Regardless of trial-and-error progress, it’s satisfying to solve a puzzle without any help. The planet is a living and breathing world – it feels alive with alien birds, leeches, and dangling tentacles – so many of Lester’s actions have an impact on the environment. Your rechargeable gun has three modes, from a quick tap of laser fire, to casting a shield, and a powerful mega shot that clears blocked routes. The way that you approach an enemy influences their actions, so the cause and consequence mechanics also apply to conflict. Therefore, while you wait for Lester’s gun to recharge, it’s possible to defeat an enemy with their own grenade, or by using a fixture in the backdrop. For wave attacks it’s crucial to master quickly building a temporary shield, which necessitates that you learn how to reach Lester’s gun arm through it, so you don’t waste shots by blasting your own protective buffer. There is a slight element of patience required early on in protecting and guiding Buddy, which acts as a precursor to the idea of rescuing Mudokons in the first Oddworld title, but your alien companion proves to be invaluable later in the game.

The 20th Anniversary Edition is slightly more forgiving by including additional checkpoints, and you can replay any of the 31 scenes once you’ve beaten them. The 31 checkpoints include the introduction and ending cut-scenes, and the conclusion is worth seeing for a surprise that links to the Heart of the Alien sequel. Considering that it’s a short game, it’s advisable that you don’t consult a walkthrough, because it’s possible to complete your first play attempt in under four hours. Another World is a linear action-adventure, it follows a set-path route as opposed to a sprawling Metroidvania, although you can lose an hour by confusing the checkpoint system if you try to skip the caves section by initiating a flood too early.

It’s apt that it has Trophies called Survivor and Determination, although there’s no platinum, but you’ll easily find all 13 trophies with the exception of the Secret UFO. Another World is a more respectful, faithful, and authentic port than the 2013 Flashback remake.
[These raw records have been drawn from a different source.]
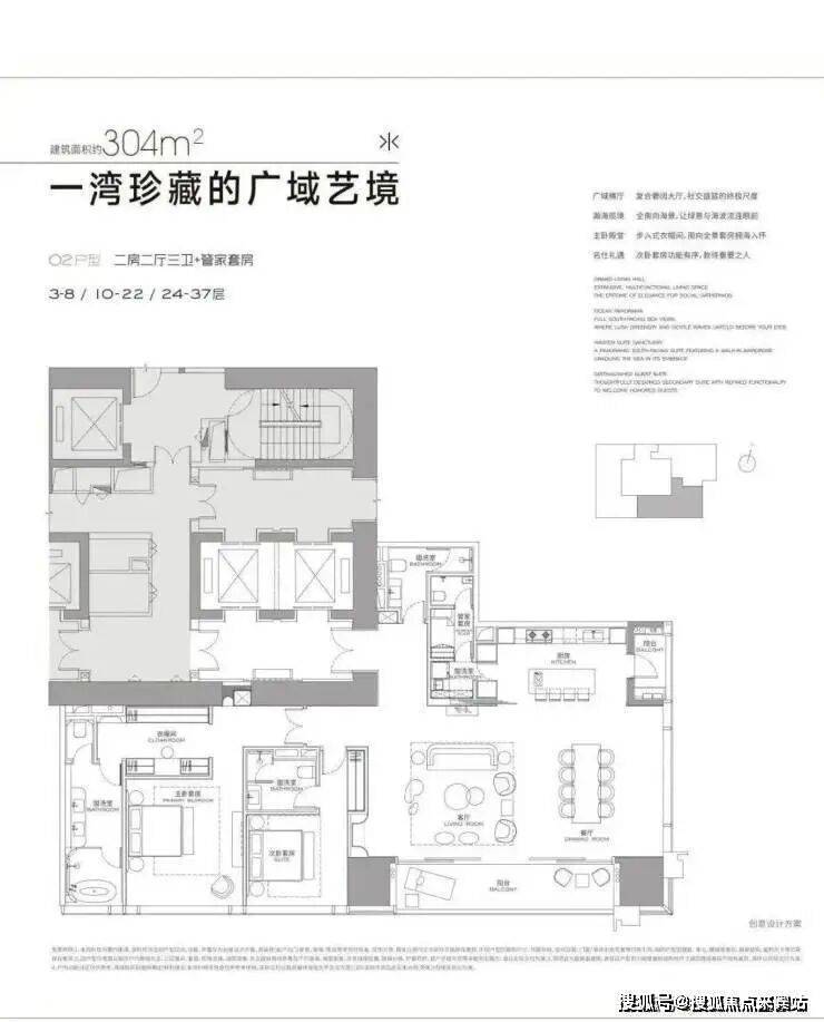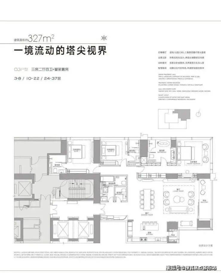 首推3栋低区户型(3-37F),高区570-1032㎡还没出样板间:实地样板间304/327/402㎡三个户型,全是"大空间+家政套间",卧室基本都是套间,所有户型都很有舒适度,整个楼栋外立面是玻璃幕墙,这样的设计采光和景观都很好。
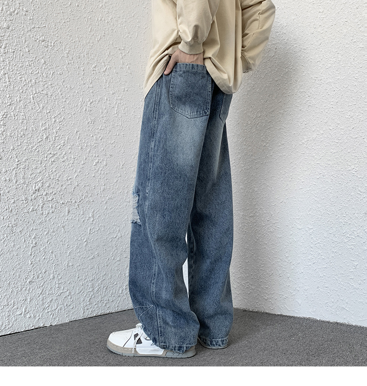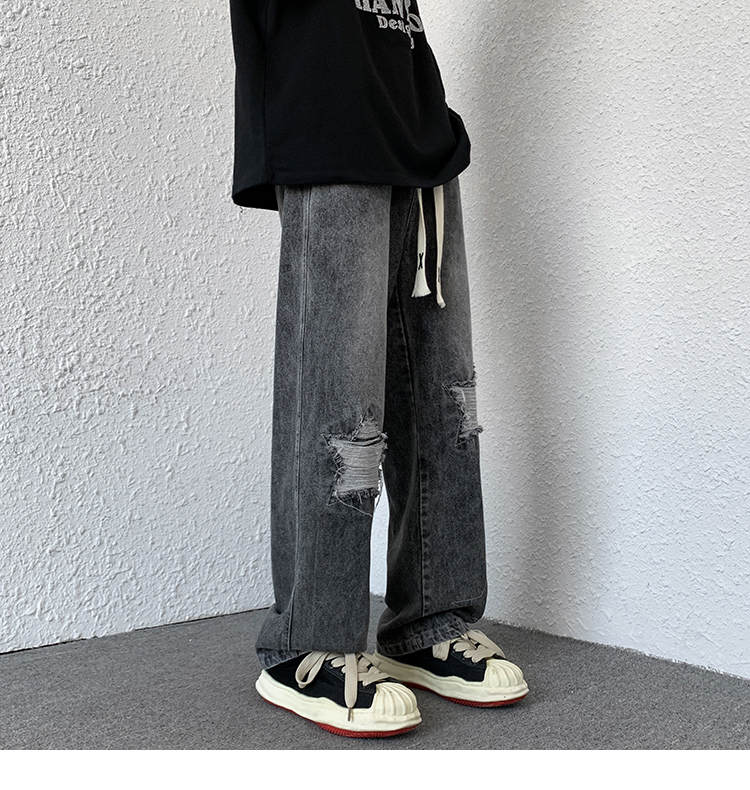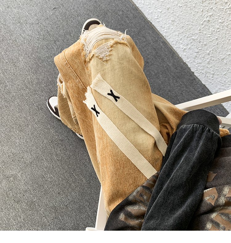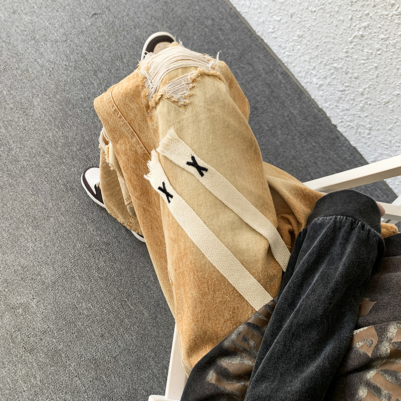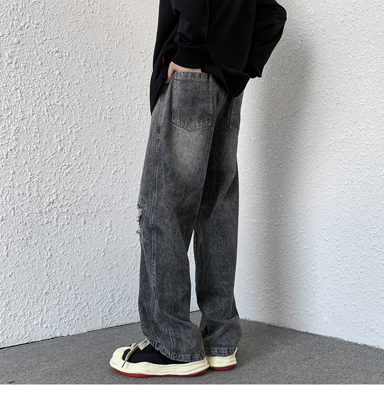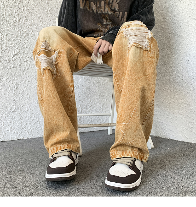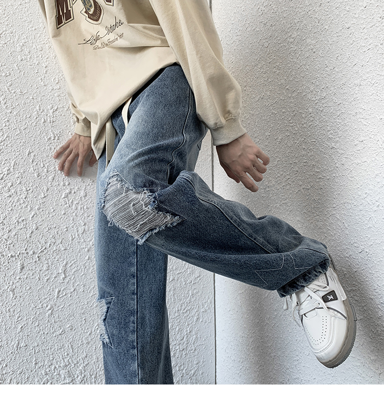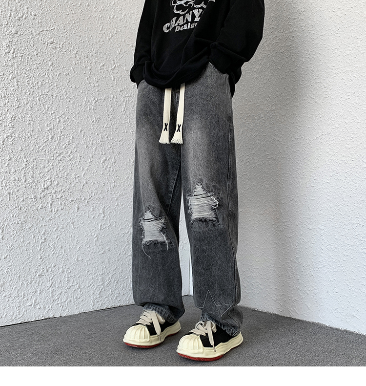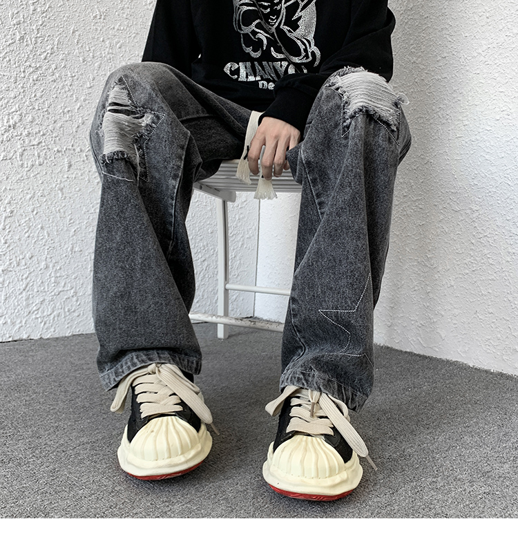 歐美hiphop褲子ins高街潮古著vintage牛仔褲五角星破洞刺繡闊腿褲
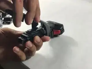 Подвиньте переключатель блокировки вверх и снимите скрытый под ним винт 6 мм.
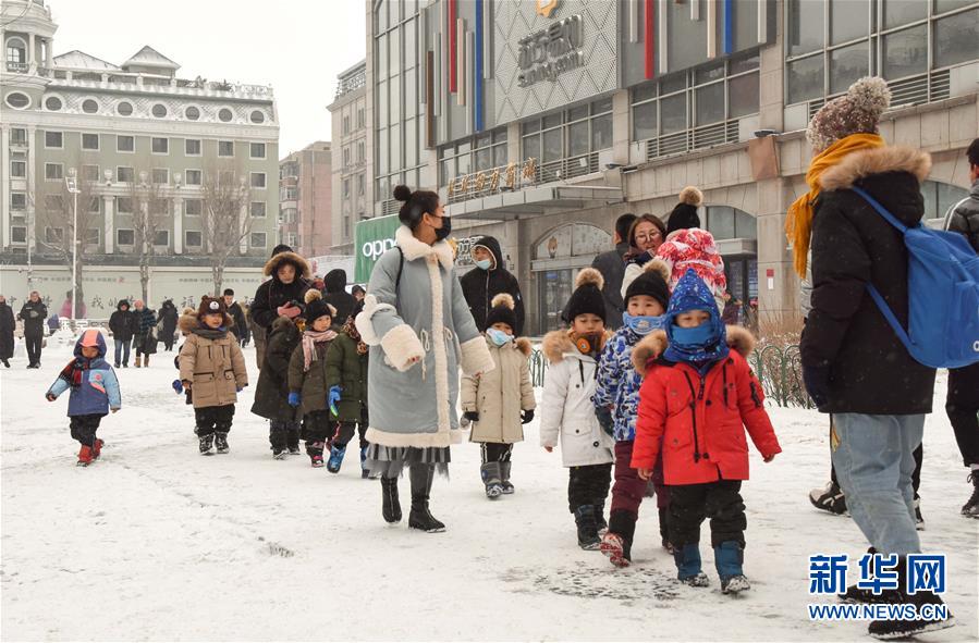 12月21日,游客在哈爾濱中央大街游覽。當(dāng)日,“冰城”哈爾濱迎來降雪天氣,整個城市變得銀裝素裹。新華社記者韓宇攝
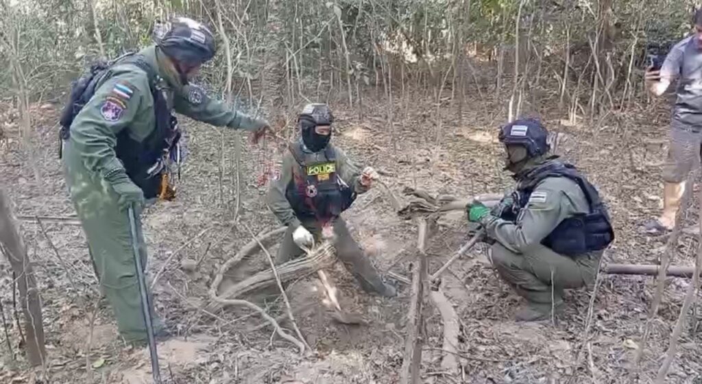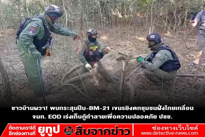 เมื่อวันที่ 5 ม.ค. 69 เจ้าหน้าที่ชุด EOD กองกำกับการตำรวจตระเวนชายแดน ที่ 22 (กก.ตชด.22) ร่วมกับ ชุด EOD ภ.จว.ศรีสะเกษ โดยการนำ ร.ต.อ.ธีรภัทร นามมั่น หัวหน้าชุด EOD กก.ตชด.22 ได้ร่วมกันตรวจสอบร่องรอยหลุมลูกจรวด BM-21 และลูกปืนใหญ่ ลูกปืน ปรส.82 ที่ฝ่ายทหารกัมพูชา ยิงมาตกในหมู่บ้านชายแดน ต.เสาธงชัย และบ้านโศกขามป้อม ต.ภูผาหมอก อ.กันทรลักษ์ จ.ศรีสะเกษ โดย เจ้าหน้าที่ได้เข้าทำการสำรวจตรวจสอบเก็บไปทำลาย จำนวน 10 ลูก ส่วนมากเป็นลูกกระสุนจรวดหลายลำกล้อง BM-21 และกระสุนปืน ปรส.82 ลูกกระสุนปืนใหญ่ ขนาด 100 มม.ตกในพื้นที่ชุมชน จึงเก็บกู้เพื่อนำไปทำลายในพื้นที่ห่างจากจากชุมชน
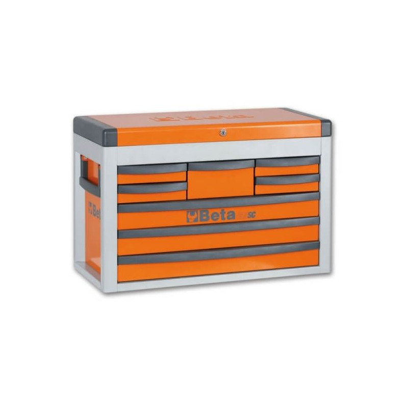 Robust verktygslåda i plåt från Beta Tools – 8 kullagrade lådor, låsbar front, infällbara handtag. Finns i orange, grå eller röd. Vikt 28 kg.
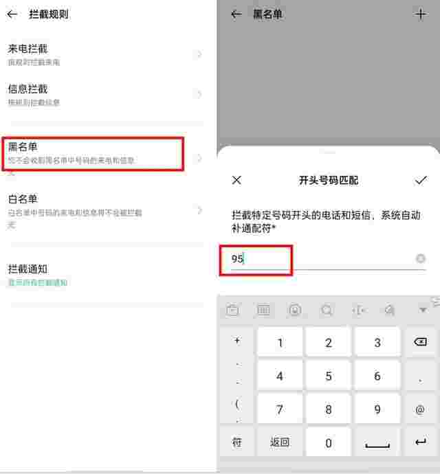 这里会看到三个选项,一是手动输入号码,指的是已确定的骚扰电话拦截;二是开头号码匹配,指常见的以95或者400开头的骚扰电话拦截;最后一个是则手动选择号码,针对已经接通过的骚扰电话。以开头号码匹配为例,输入公认的骚扰电话开头号码,系统就会智能进行拦截了。
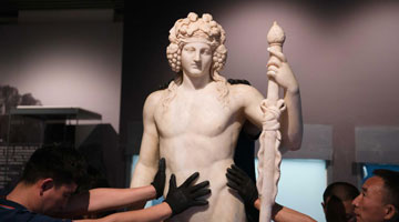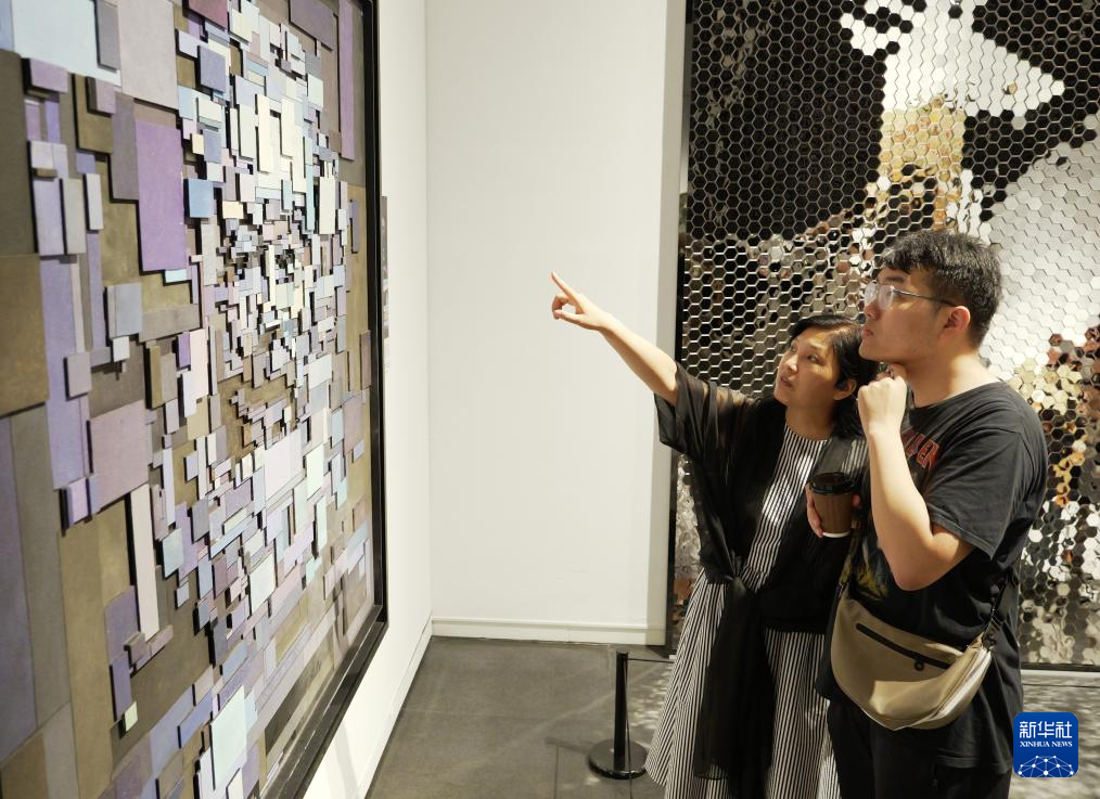 7月12日,参观者在第十四届全国美术作品展览壁画作品展上观看作品《源远流长》。
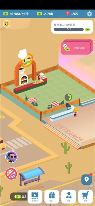 玩家需要做的是尽快获取收益,进而提升等级,创建更多美食广场。
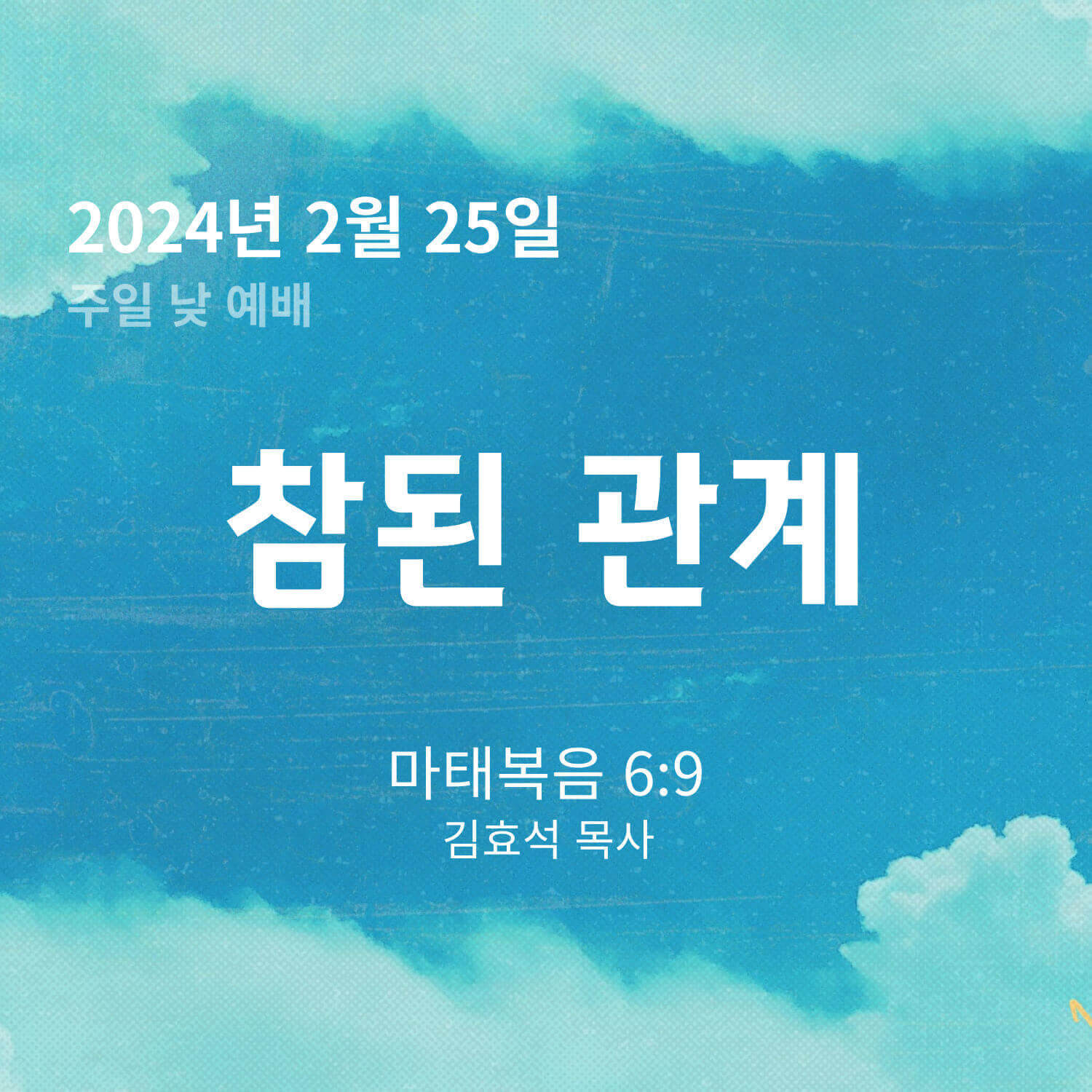 2024년 02월 25일참된 관계 Speaker: 장기중앙교회 In 주일 낮 예배Listen 2024년 2월 25일 주일 주일 낮 예배 말씀 제목: 참된 관계 성경 본문: 마태복음 6장 9절 (신약성경 8면) 말씀 선포: 김효석 목사 (장기중앙교회 담임목사) 예배 주보 보기 마태복음 6장 9절 (개역개정) 9 그러므로 너희는 이렇게 기도하라 하늘에 계신 우리 아버지여 이름이 거룩히 여김을 받으시오며
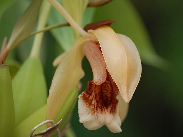 花茎を下垂させて、花径7~8センチの淡い黄褐色の花をつける。
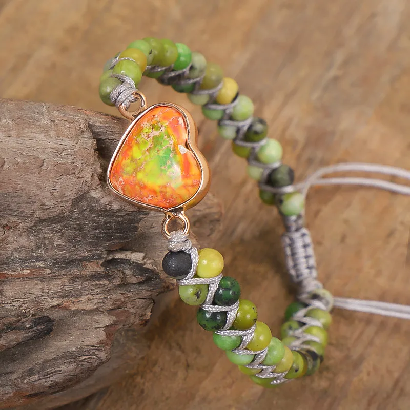 Colorful Heart Emperor Hand Braided Double Winding Stone Bracelet: A Vibrant and Meaningful Accessory
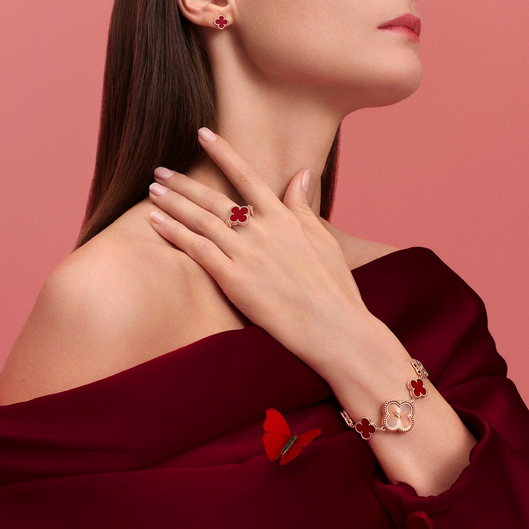 ギヨシェ彫刻を施したローズゴールドのまばゆい反射と、カーネリアンの鮮やかなニュアンスが融合し、優しいハーモニーを奏でるアルハンブラの新作4点が生まれました。その中には、このふたつの素材を気分に応じて表裏を返して身に着けられるリバーシブルリングも含まれ、目を楽しませてくれます。今回、アルハンブラ コレクションに初めて登場したこの新しいデザインには、多彩な装い方を追求するメゾンならではの伝統と特徴的な技巧が映し出されています。四つ葉のクローバーから着想を得て1968年に誕生したアルハンブラ モチーフは、ヴァン クリーフ&アーペルを象徴する美学をたたえ、こうして現在に至るまでジュエリーやウォッチの新作を通して変わることなく幸運を祝福しています。

Once the game is beat, it feels empowering to start it afresh, because the urge to surpass your completion time is strong. It’s gratifying to rush past previously perplexing puzzles, since a second play-through will take less than 45 minutes if you are tempted to use the cross-buy option of replaying it on the move using a PlayStation Vita.

Conclusion

Eric Chahi's 1991 vision of replicating the essence of a science fiction film in a cinematic platform game is worthy of cult status, and it's faithfully recreated on the PS4. The otherworldly soundtrack, and the ability to seamlessly swap between classic and crisp overhauled visuals, are both highlights in this re-mastered presentation. Contentiously, rotoscoping animation techniques could prove divisive, because they slow down the response times of the controls. Moreover, trial-and-error gameplay, and perpetual one-hit kills, may alienate less patient gamers. Another World is a short game, but it has replay value after you survive its strange retro world, and earn the perk of hindsight for a speed run.